Instituto de Química, Universidad Nacional Autónoma de México , Circuito Exterior s/n, Ciudad Universitaria, Coyoacán C.P. 04510, México City, México.
J Org Chem. 2017 Aug 18;82(16):8464-8475. doi: 10.1021/acs.joc.7b01211. Epub 2017 Aug 4.
A stereodivergent C-glycosidation of carbohydrate-derived lactones can be mediated by the protecting groups and applied to the total synthesis of (+)-varitriol and of two diastereoisomers thereof, which represent an unprecedent use of the protecting groups in the synthesis of a naturally occurring compound. In particular, the stereoselective nucleophile attack for 2,3-trans-substituted five-membered ring oxocarbenium ions is strongly influenced by the presence of aromatic rings in the protecting groups. According to quantum chemical calculations, the stereoselectvity depends on the π-π interactions between the aromatic ring of the C-2 protecting group with the exocyclic triple bond and the oxocarbenium ion. These interactions account for the stabilization of the conformer in which the C-2 and C-3 substituents adopt pseudoaxial orientations. When protecting groups do not contain an aromatic ring, the sterochemical outcome is dictated by stereoelectronic factors established by the Woerpel's model. Based on these findings, a concise total synthesis of the natural product (+)-varitriol and of two diastereoisomers was acomplished.
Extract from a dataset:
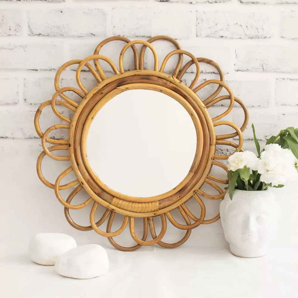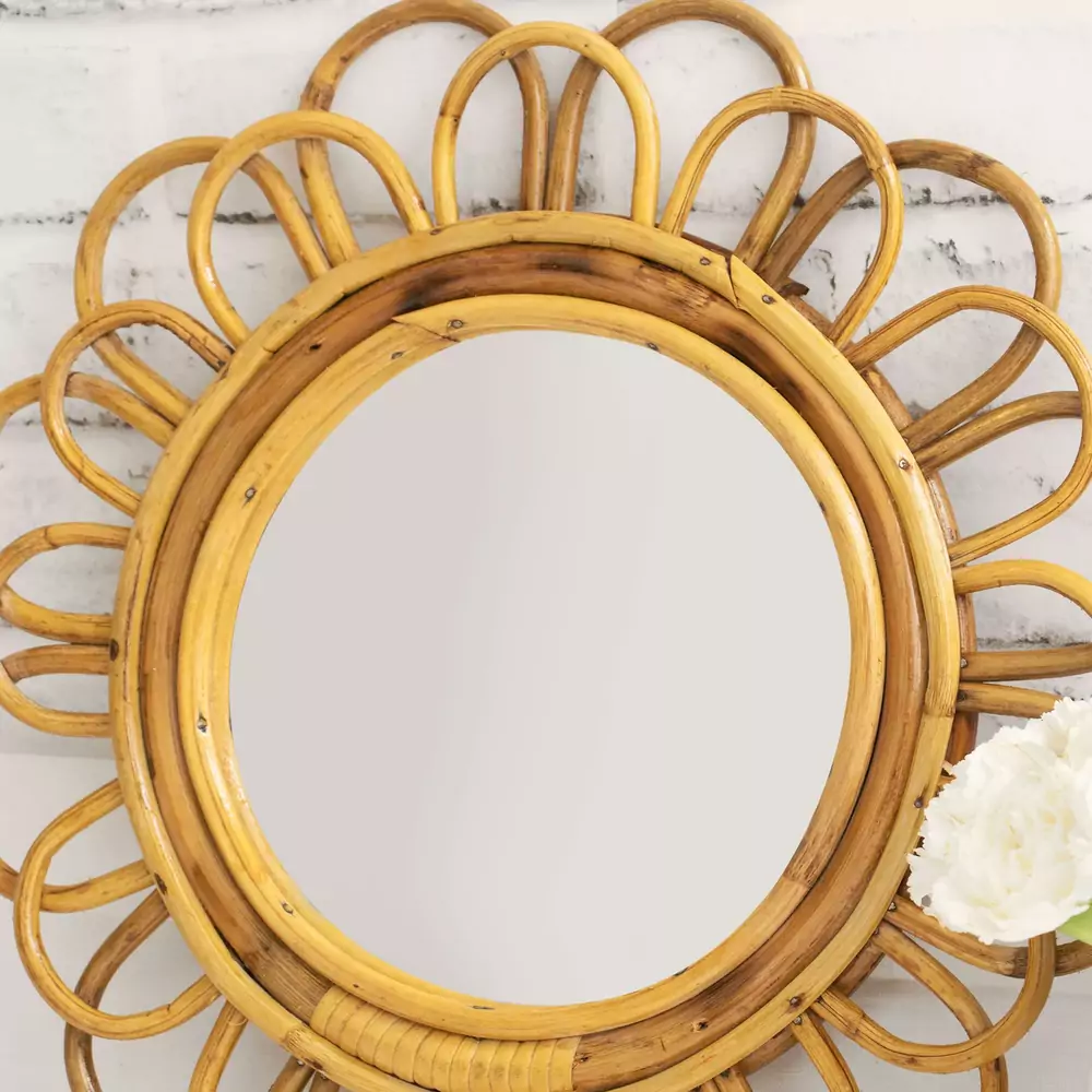 The Azaro Cane Wall Mirror, a stunning fusion of sophistication and natural aesthetics. Crafted with meticulous attention to detail, this mirror features a sleek frame woven with intricate cane patterns. The clean lines and organic texture bring a touch of contemporary elegance to any space. Elevate your decor with the Azaro Cane Wall Mirror, a statement piece that effortlessly combines beauty and craftsmanship. Size Specifications (in cm) : 41.91 diameter, mirror dia-20.32

糖衍生内酯的立体发散 C-糖苷化可以通过保护基团介导,并应用于(+)-varitriol 及其两种非对映异构体的全合成,这代表了保护基团在天然产物合成中的一个前所未有的应用。特别是,对于 2,3-反式取代的五元环氧碳正离子的立体选择性亲核进攻强烈受到保护基团中芳环的存在的影响。根据量子化学计算,立体选择性取决于 C-2 保护基的芳环与环外三键和氧碳正离子之间的π-π 相互作用。这些相互作用解释了 C-2 和 C-3 取代基采用假轴向取向的构象的稳定性。当保护基团不包含芳环时,立体化学结果由 Woerpel 模型确定的立体电子因素决定。基于这些发现,完成了天然产物(+)-varitriol 及其两种非对映异构体的简洁全合成。